Jeremy Corbyn and senior Labour MPs have called for homes left vacant in Kensington and Chelsea by overseas investors to be “requisitioned” in order to rehouse those left homeless due to the Grenfell Tower fire.
The suggestion came as MPs demanded answers to residents’ questions during an emergency session of Parliament into the tragedy, which has claimed the lives of at least 17 people.
The Labour leader, who said he was left “very angry” after visiting the scene, added: “Kensington is a tale of two cities. The south part of Kensington is incredibly wealthy, it’s the wealthiest part of the whole country.
“The ward where this fire took place is, I think, the poorest ward in the whole country and properties must be found – requisitioned if necessary – to make sure those residents do get rehoused locally.”
David Lammy, the Tottenham MP, added on Twitter shortly after the event: “Lots of homes left vacant in Kensington & Chelsea by overseas investors. I would like to see them requisitioned by Government to rehouse victims.
Introducing the emergency briefing, fire minister Nick Hurd described the incident in north Kensington as a “national tragedy”, adding: “I’m sure everyone’s thoughts both in this room and outside are with those who have been affected, injured or have lost a loved one in the fire.”
Labour’s new MP in Kensington, Emma Dent Coad, said her constituents are “traumatised and angry”, demanding answers on emergency planning and whether or not warnings were heeded from community leaders regarding safety procedures at Grenfell Tower.

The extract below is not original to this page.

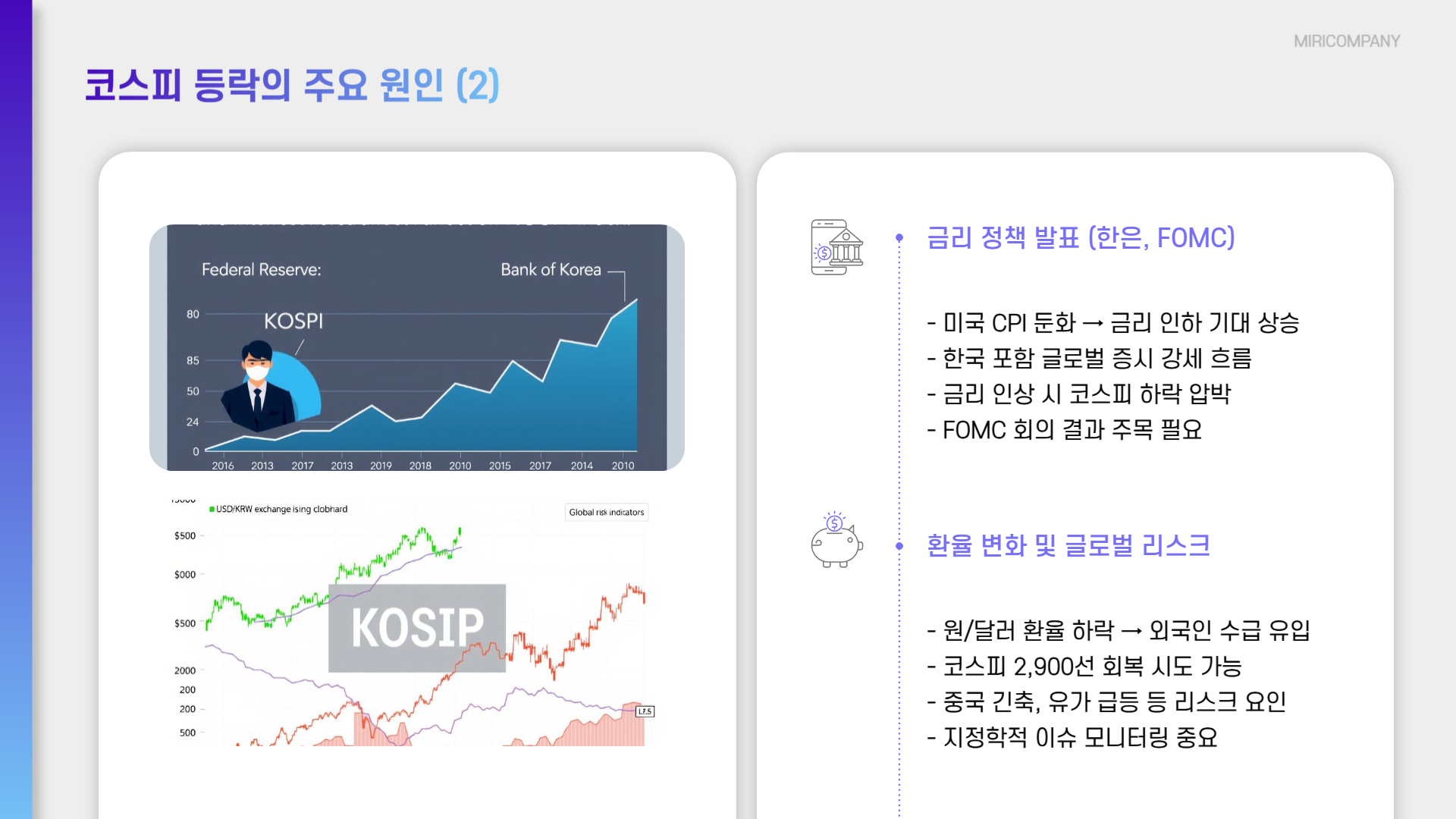 - 미국 CPI 둔화 → 금리 인하 기대 → 한국 포함 글로벌 증시 강세 흐름 반영됨.

The extraordinary gathering of MPs, which was not broadcast initially, was held in the Palace of Westminster rather than the House of Commons as Parliament has not been officially opened as a result of last week’s inconclusive snap election, which resulted in a hung parliament.
Just moments before the briefing Theresa May had ordered a full public inquiry into the disaster after visiting the scene of the blaze in Kensington. Speaking at No 10 shortly after her return from the site, she added: “We need to ensure that this terrible tragedy is properly investigated.
“When I went to the scene and spoke to the emergency services, they told me that the way this fire had spread and took hold of the building was rapid, it was ferocious, it was unexpected.
“So it is right that, in addition to the immediate fire report that will be produced and any potential police investigation, that we do have a full public inquiry to get to the bottom of this.
“People deserve answers. The inquiry will give them.”
During the emergency session Mr Corbyn said he “feels very angry” at the loss of life in the tower block where the fire precautions did not work. He welcomed the Government’s decision to establish a public inquiry but insisted it must be speedy and allow residents to fully take part, with legal aid provided if needed.
Mr Corbyn added: “I tell you this – many residents I met there this afternoon are very angry.
“They’re very angry that they have raised concerns about this building, that the Grenfell Action Group raised concerns about this building, that their concerns were not answered, questions they asked were not responded to.
“There are so many questions to put.”
He said these included questions about the fire walls, the sprinkler system, the alarm system and the way the fire spread inside and outside the building.
At the end of the meeting, housing minister Alok Sharma said: “Can I just be absolutely clear and reiterate what Nick [Hurd] has said is that we’re going to be working with the local authority and the Government to guarantee that every single family from Grenfell House will be rehoused in the local area.
“That is a very clear reassurance which I hope colleagues will feel is useful.”